Подобно другим крупным деятелям реформации, аль-Афгани не обосновывал легитимность рациональных альтернатив традициями «чистого» рационализма или рассудочными традициями калама. В своем отношении к иджтихаду он ограничивается неоднократными указаниями на важность доводов разума, активно используя их в ходе анализа тех или иных явлений и формулирования своего отношения к ним, отстаивая значимость разума как важнейшего элемента исламской религии. В связи с этим он утверждает, что первейшим условием счастья является чистота ума. Согласно религии ислама нельзя достичь совершенства иначе как «на основе умственного и духовного совершенства». Достижение счастья он связывает с преобладанием разума. Но если эта идея во многом приближается в своей теоретической основе к традициям «оттачивания нравов» в мусульманской классической философии, то в практическом преломлении во взглядах аль-Афгани она приобретает новое, общественно-политическое и реформаторское измерение. Увязав счастье с разумом, он отбрасывает «религиозное посредничество». Отсюда его призыв к свободе разума, указание на его действенную просветительскую роль. Аль-Афгани подчеркивает необходимость того, чтобы «убеждения нации строились на сильных аргументах и верных доказательствах». В этом смысле можно также понять идею «телеологического разума», присутствующего в некоторых его взглядах и суждениях – например, в его попытке доказать, что конечная цель совершенства бытия – это божественная мудрость в её разумных проявлениях. «Кто взирает на целостный мир бытия, – пишет аль-Афгани, – тот убеждается в том, что хотя многие образы его совершенства возникают под воздействием природных сил, в целом оно подчинено твердому разумному устроению. Под разумным устроением мы подразумеваем то, что строится на учете целей, мудрости и пользе совершенства, которое присуще всеобщему порядку и сохраняется благодаря сохранению этого порядка». Рассуждение о «всеобщем порядке» аль-Афгани относит не к богословским построениям, а кладет его в основу рационального взгляда на философское целое, на все то, что может послужить «программированию» разумного реформаторского проекта.

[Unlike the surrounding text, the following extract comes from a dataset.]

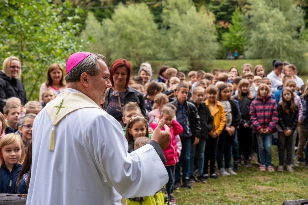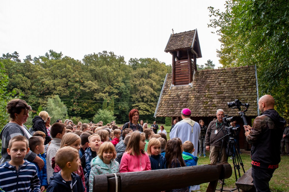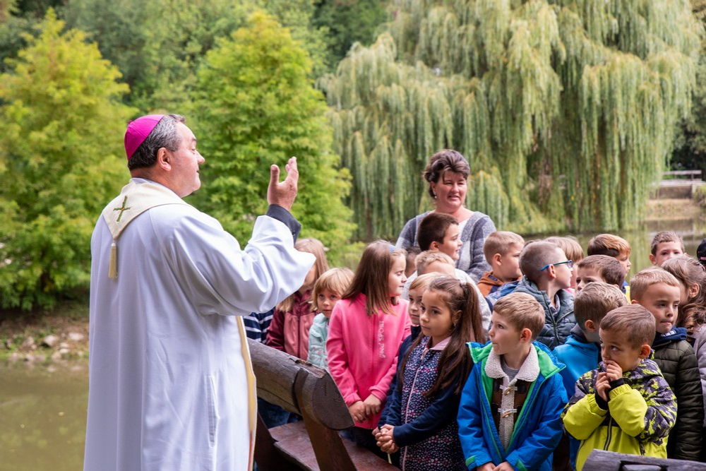 Felföldi László megyéspüspök beszéde elején köszönetet mondott a megszólalóknak, és kifejezte háláját a fellépő gyerekeknek. Szívhez szóló köszöntőjében emlékeztetett, hogy a Teremtő otthont ad nekünk. „A természet által üzenetében Isten azt tanítja, hogy emberek vagyunk. Segít, hogy magunkra találjunk. Amikor nehéz az élet, a természetbe kell visszatérni, mert aki elszakad a természettől, a földtől, elszakad a közösségtől, elveszíti önmagát. Az erdei kirándulás rendezi a lelket, erősíti a szívet. És ha közelebbről megfigyeljük a növényeket láthatjuk, hogy mindegyiknek van sebe, de mégis él és növekszik. Ilyen az ember is. Most ebbe a természetbe helyezzük a keresztet, melynek két üzenete a szenvedés és a szeretet. A környezet is egyensúlyban hordozza a szenvedést és a szeretetet. Ha ezek egyensúlyban vannak, akkor béke van. A növények nélkül lehetetlen lenne élnünk . Ha nem szeretjük a környezetet, magunkat nem szeretjük. Ha elpusztítjuk az erdőket, magunkat pusztítjuk el. Isten összekötött minket a teremtett világban. Hiszem, hogy ez után az ünnep után a környezettel szebb kapcsolatban megyünk el.”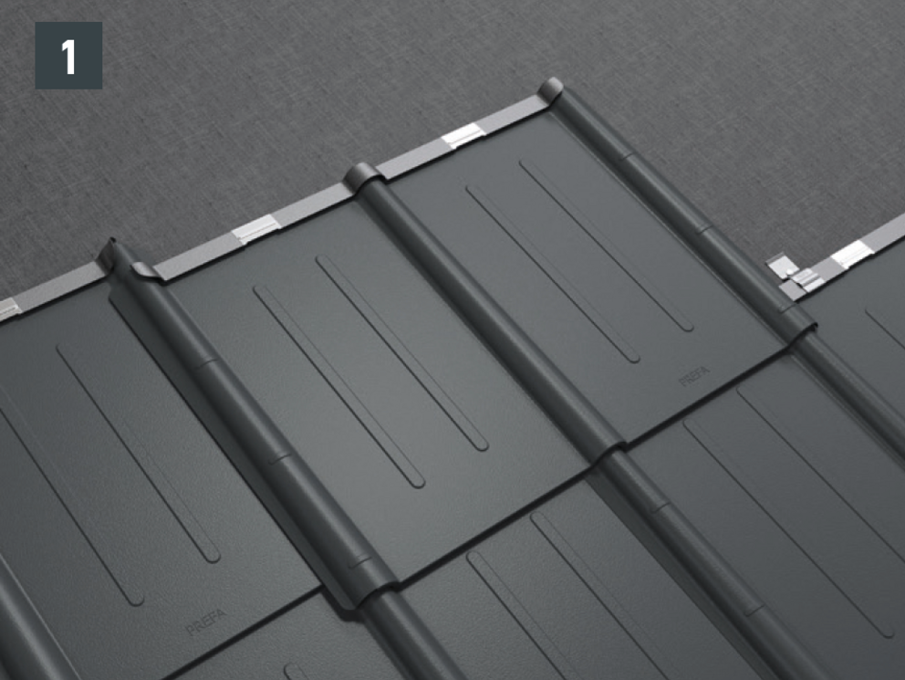 Ein generelles Abspannen der Überlappungsrillen ist im Normalfall nicht notwendig. Bei unebenen Dachflächen (Überlappungsrille liegt nicht auf) kann ein händisches Abspannen notwendig sein.

Разуму аль-Афгани придавал одновременно познавательное и деятельное значение. Он стремился вскрыть потенциал разума, позволяющий ему познавать истинную сущность вещей, в том числе «творить невозможное», полагая, что с помощью разума человек может совершить такие открытия, которые позволят ему добраться до Луны. За всем этим стоит его стремление обосновать практическую действенность разума, а затем и приобщить его к деятельной реформации. В разуме аль-Афгани усматривает силу, стоящую за прогрессом Европы, которая благодаря опоре на разум освободилась от слепого следования авторитетам, в том числе касающейся основ религии. Именно разум позволил Европе совершить быстрый скачок в развитии современной цивилизации и торговли. Аналогичный подход встречаем и в отношении аль-Афгани к исламской реформе. В возвышенности разума он видит основу достойной цивилизации. Однако, в отличие от мыслителей прошлого, аль-Афгани встраивает эту мысль не в философско-утопический контекст, а в рамки рациональной реформы, то есть в рамки рационализации волевого акта, обогащения его возвышенными реформаторскими ценностями, общественно-политическими приоритетами. И если в некоторых формулировках просматривается груз былого мышления, то с точки зрения целей здесь видно стремление возродить общественное и культурное бытие таким образом, чтобы путем сознательного действия добиться осуществления насущных задач. Желая этически обосновать общественно-политическое единство, аль-Афгани пишет: «Добродетели – это то, что обеспечивает единство между обществом и индивидами. Благодаря добродетелям люди стремятся к себе подобным, так что масса людей становится подобной единичному человеку, направляется единой волей и устремляется в своем движении к единой цели». По своему сопоставительному характеру данная мысль воспроизводит образцы эпохи пророка (раннего ислама), а по своей реалистичности отображает рациональное обоснование совместной воли как средства преодоления разногласий, отсталости и раздробленности. Аль-Афгани стремился не возродить традиционный подход к единству как к общности религии и мирской жизни мусульманской уммы, а побудить к свободному объединению на основе рассудочно-нравственной воли и действия.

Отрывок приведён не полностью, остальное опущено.